In the Dolphins subfolder are two files….

  1. In the Sightings file, the cases are particular sightings of dolphin pods in a particular area on the north Atlantic coast of the US. Variables include the following:
  • Date and Time of the sighting
  • Location of the sighting, specified by Latitude and Longitude
  • Estimated pod size (in the variable labeled “#”), i.e., the number of dolphins in the pod
  • Species and Common Name of the variety of dolphins sighted

Note that there are 11 sheets - one for each year from 2006 through 2016.

  1. There are three sheets in the SeaTemps file. Ignore the “AVERAGE SST” sheet (which includes monthly averages and a graph that you will probably do anyway) and “Sheet2” (which duplicates one year’s data in Sheet1). In Sheet1 there are four similar variables for each of the 11 years:
  • date
  • sea surface temperature in Fahrenheit, for that date
  • sea surface temperature in Celsius, for that date
  • average sea surface temperature in Celsius, for that month (typically listed on the first day of the month)
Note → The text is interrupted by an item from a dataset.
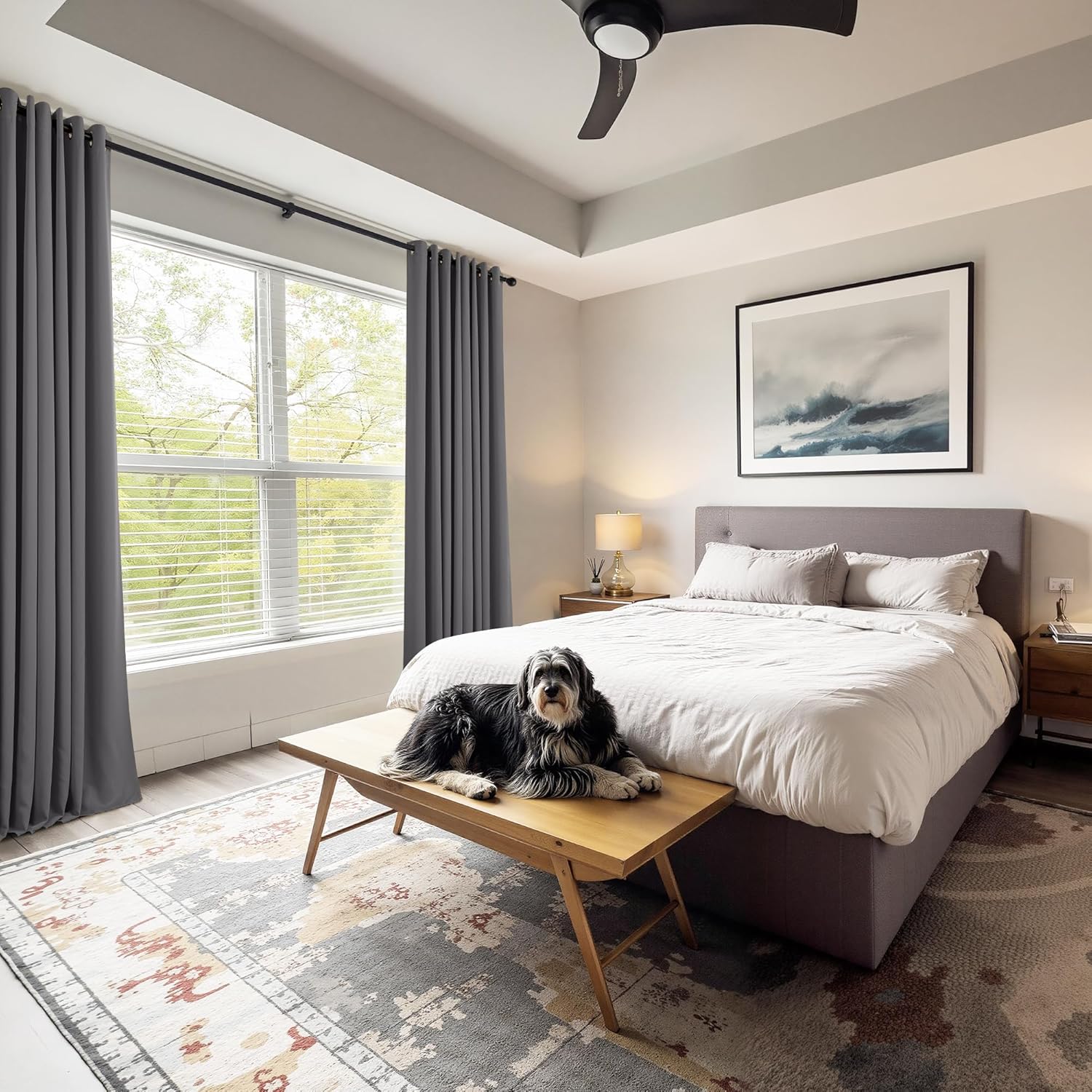 PONY DANCE Grey Blackout Curtains for Bedroom 84 Inch Length 2 Panels Set, Privacy Thermal Insulated Room Darkening Grommet Drapes for Living Room Window, W34 x L84 Inch

Note that there are lots of missing data and blank columns, and that all 11 years of sea temps are on this one sheet. Note also that there are different numbers of rows for the different years.

4.2 Data Wrangling

Before making my analysis, I loaded the following packages:

library(tidyverse)
library(readxl)
library(mosaic)
library(knitr)
library(maps)

Since the 2006 sheet is slightly different from the other sheets (it has 2 extra rows below the data), I read in this sheet separately.
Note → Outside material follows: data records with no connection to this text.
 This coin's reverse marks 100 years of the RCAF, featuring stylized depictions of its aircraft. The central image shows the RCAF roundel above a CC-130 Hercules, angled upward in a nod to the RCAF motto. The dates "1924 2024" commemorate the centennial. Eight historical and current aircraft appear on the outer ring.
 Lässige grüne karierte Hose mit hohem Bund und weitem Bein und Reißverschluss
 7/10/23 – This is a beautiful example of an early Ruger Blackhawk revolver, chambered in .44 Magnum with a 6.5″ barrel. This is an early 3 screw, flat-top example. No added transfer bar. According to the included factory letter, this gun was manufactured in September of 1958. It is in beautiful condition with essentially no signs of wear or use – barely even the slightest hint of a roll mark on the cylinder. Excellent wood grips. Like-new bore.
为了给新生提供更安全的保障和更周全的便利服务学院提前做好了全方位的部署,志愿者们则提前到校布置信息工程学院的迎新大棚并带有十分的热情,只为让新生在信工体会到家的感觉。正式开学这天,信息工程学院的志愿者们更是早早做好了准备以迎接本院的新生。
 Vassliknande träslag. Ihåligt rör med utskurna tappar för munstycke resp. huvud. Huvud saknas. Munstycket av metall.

Sight06 <- read_excel("~/Data229/Project/Dolphins/Sightings.xlsx", sheet = "2006", n_max = 62)

Sight06 <- Sight06 %>% 
  select(Date, Time, Latitude, Longitude, "#") %>% 
  mutate(Date = as.Date(Date))

Then, a function to read in the sheets from 2007 to 2016 was created. Beside from importing the plain datasets, I also did some wrangling to make it look better.

Sightings <- function(sheetNum){
  SightTable <- read_excel("~/Data229/Project/Dolphins/Sightings.xlsx", sheet = sheetNum)
  SightTable <- SightTable %>% 
  select(Date, Time, Latitude, Longitude, "#") %>% 
  mutate(Date = as.Date(Date))}

After the function was defined, it’s now time to get the data.

Sight07 <- Sightings(2)
Sight08 <- Sightings(3)
Sight09 <- Sightings(4)
Sight10 <- Sightings(5)
Sight11 <- Sightings(6)
Sight12 <- Sightings(7)
Sight13 <- Sightings(8)
Sight14 <- Sightings(9)
Sight15 <- Sightings(10)
Sight16 <- Sightings(11)

My goal is to have an output table with 5 variables Date, Time, Latitude, Longitude and podSize. I used 10 full_join()’s to join 11 tables to get my table. I also renamed column 5 “podSize”.

Sights <- Sight06 %>% 
  full_join(Sight07, by = c("Date", "Time", "Latitude", "Longitude", "#")) %>% 
  full_join(Sight08, by = c("Date", "Time", "Latitude", "Longitude", "#")) %>% 
  full_join(Sight09, by = c("Date", "Time", "Latitude", "Longitude", "#")) %>% 
  full_join(Sight10, by = c("Date", "Time", "Latitude", "Longitude", "#")) %>% 
  full_join(Sight11, by = c("Date", "Time", "Latitude", "Longitude", "#")) %>% 
  full_join(Sight12, by = c("Date", "Time", "Latitude", "Longitude", "#")) %>% 
  full_join(Sight13, by = c("Date", "Time", "Latitude", "Longitude", "#")) %>% 
  full_join(Sight14, by = c("Date", "Time", "Latitude", "Longitude", "#")) %>% 
  full_join(Sight15, by = c("Date", "Time", "Latitude", "Longitude", "#")) %>% 
  full_join(Sight16, by = c("Date", "Time", "Latitude", "Longitude", "#")) 
colnames(Sights)[5] <- "podSize"

It might actually be a better idea to split the Day column into 3 columns Year, Month and Day; since I’m going to find out how the pod size distribution varies by time of year and across the years.

SightsYMD <- Sights %>% 
  separate(Date, into = c("Year", "Month", "Day"))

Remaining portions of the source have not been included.